To the average American, the NATO intervention in Libya may look like another Iraq: another US-led adventure aiming to dislodge a would-be totalitarian Middle Eastern state with lots of oil and sand. The topography of the two countries is similar: The land is flat and parched, and the architecture dun and unloved. Even the terminology sounds the same, with the “no-fly zone” subject to “mission creep” that is rapidly turning its goal into “regime change.”

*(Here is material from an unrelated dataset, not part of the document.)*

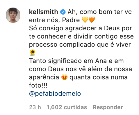 Kell Smith lembrou o quanto não importa as opiniões alheais, mas o significado que tem por trás da história e homenagem que o Padre fez com a sua nova arte, e para a fé, Deus vê além da aparência:
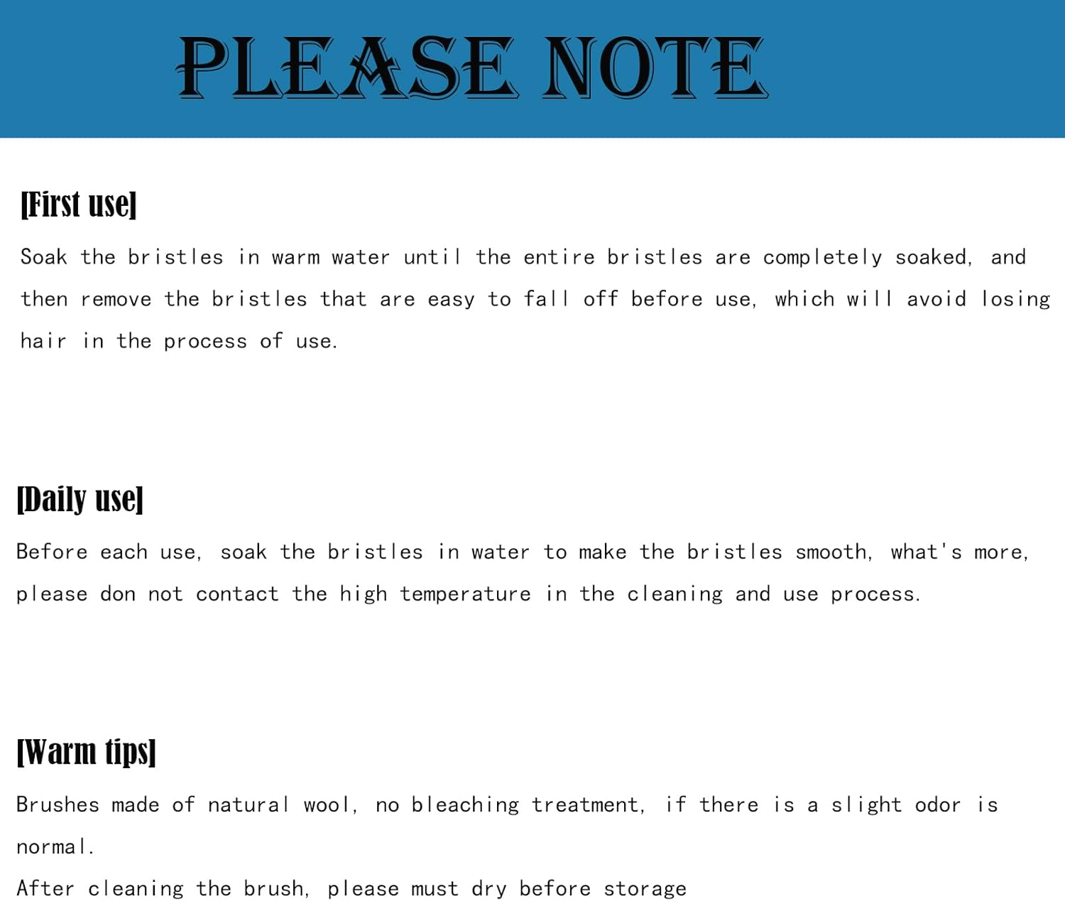 - [Easy to clean] Construction and material makes it easy to come apart. But better for cleaning after use. Please hang it in a shady and cool place to dry after cleaning. After drying, please put into the attached storage bag to extend the lifespan of the brush.

US military maneuvers under President Barack Obama have seemed far smarter, however, than those of his predecessor. Of all the belligerent Western parties, the United States has launched the most punishing strikes upon the assets of Col. Muammar al-Qaddafi, firing 100 Tomahawk missiles. And its demands have been the most uncompromising, with Obama repeating that “Qaddafi must go” and Susan Rice, Washington’s representative at the UN, adding the clause to UN Security Council Resolution 1973 that sanctioned “all necessary measures” in carrying out the resolution’s broad mission of protecting civilians. But the US has hidden its bombing under a bushel, letting others claim the credit. France dropped the first bombs, and within days of the start of the campaign, the US ceded command of the action to NATO, declaring that Libya was primarily an Arab and European responsibility. Officials dryly told journalists that Europe, after all, consumes most of Libya’s oil. Above all, rather than an enforced new order from the outside, like the Bush administration’s in Iraq, this regime change was an indigenous enterprise. Westerners were seen as merely responding to the Libyan clamor. While Bush led brashly from the front, Obama leads from the rear.

Benghazi Holds Its Breath

Certainly, the coalition has provided Libya’s rebel movement with significant support. In the earliest days, it beat back several of Col. Qaddafi’s assaults on rebel towns (though loyalist forces soon returned). Britain supplied the rebels’ political representative, the National Transitional Council, with a secure communications network, and Qatar gave them an Ericsson satellite so that the Libyans in the rebel-held east might at last be able to receive international calls and reconnect to the Internet. Qatar has also equipped the rebels with their own satellite television station based — of course — in Doha, the Qatari capital, and installed an FM radio outlet for Al Jazeera in Benghazi. Those insufficiently saturated by the pan-Arab network’s rolling coverage on television can tune in for more. Qatar, the United Arab Emirates and Italy have all offered to sell Libyan oil from rebel-held fields to keep the east solvent, and Britain and the US are both considering the release to the rebels of some of the Libyan funds they froze after Qaddafi’s harsh response to the initial uprising on February 17. And thanks to Qatar’s supply of gasoline, one can still fill up for $4; cars park in Benghazi with their engines running.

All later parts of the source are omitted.